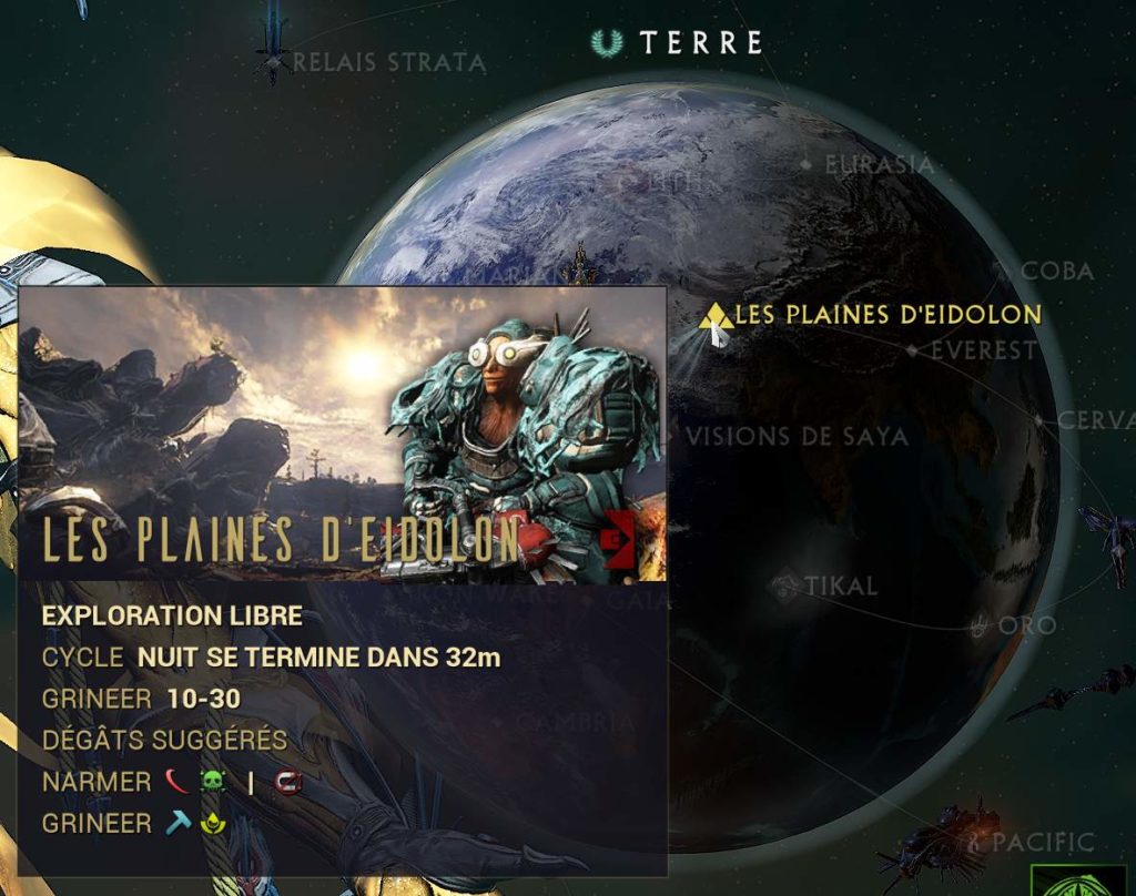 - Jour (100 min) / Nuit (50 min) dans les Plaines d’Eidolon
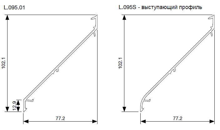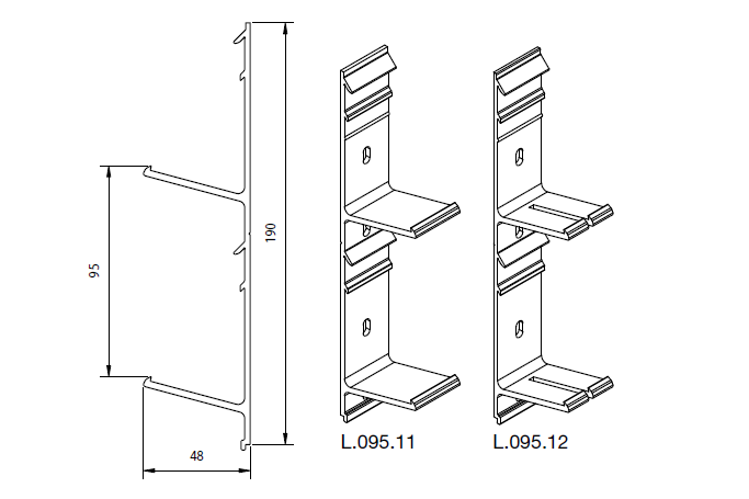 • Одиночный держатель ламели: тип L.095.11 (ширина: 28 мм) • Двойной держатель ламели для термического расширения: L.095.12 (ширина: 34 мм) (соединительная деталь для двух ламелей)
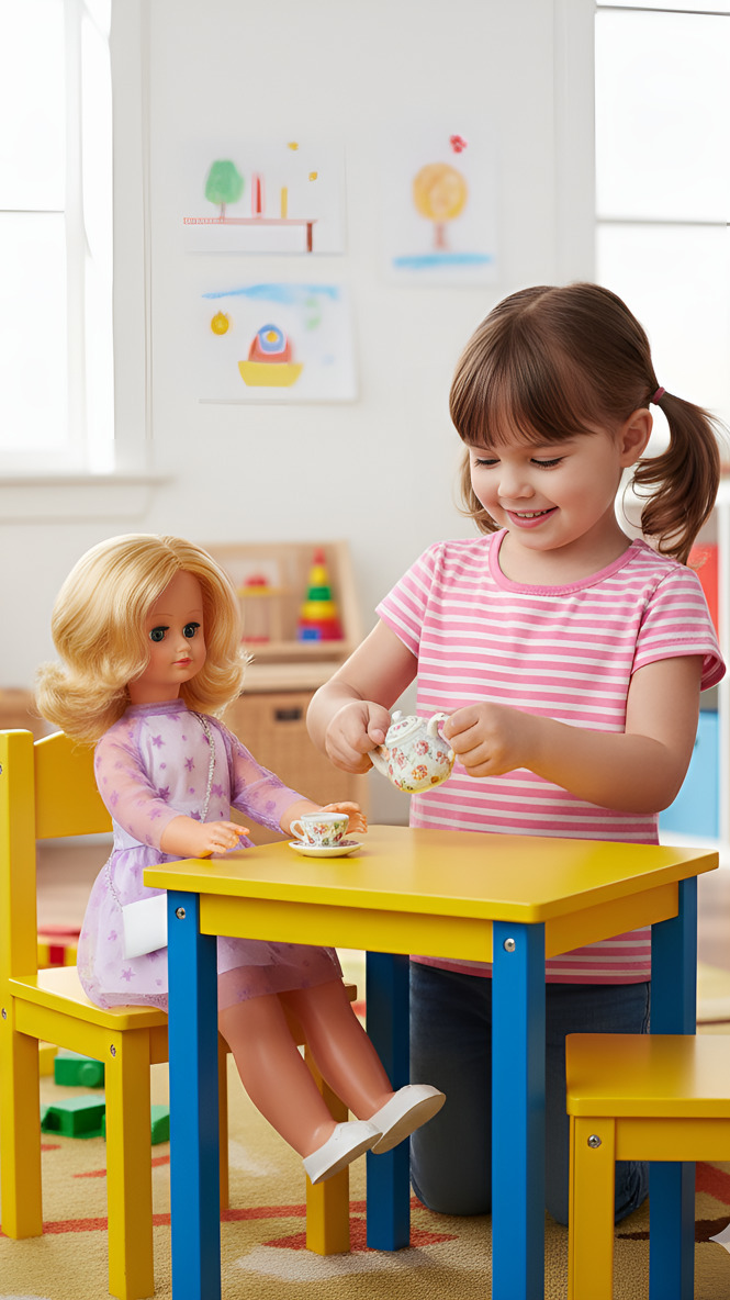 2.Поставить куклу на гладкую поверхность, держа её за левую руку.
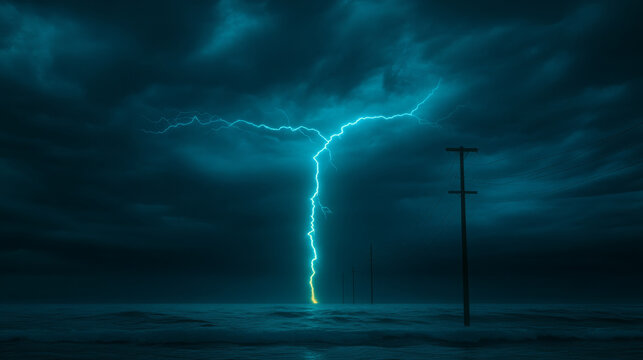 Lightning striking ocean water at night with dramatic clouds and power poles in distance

#### What is required:
All of the material shown above needs to be duplicated exactly. Omit every picture.

#### Task solution:
 - Jour (100 min) / Nuit (50 min) dans les Plaines d’Eidolon
 • Одиночный держатель ламели: тип L.095.11 (ширина: 28 мм) • Двойной держатель ламели для термического расширения: L.095.12 (ширина: 34 мм) (соединительная деталь для двух ламелей)
 2.Поставить куклу на гладкую поверхность, держа её за левую руку.
 Lightning striking ocean water at night with dramatic clouds and power poles in distance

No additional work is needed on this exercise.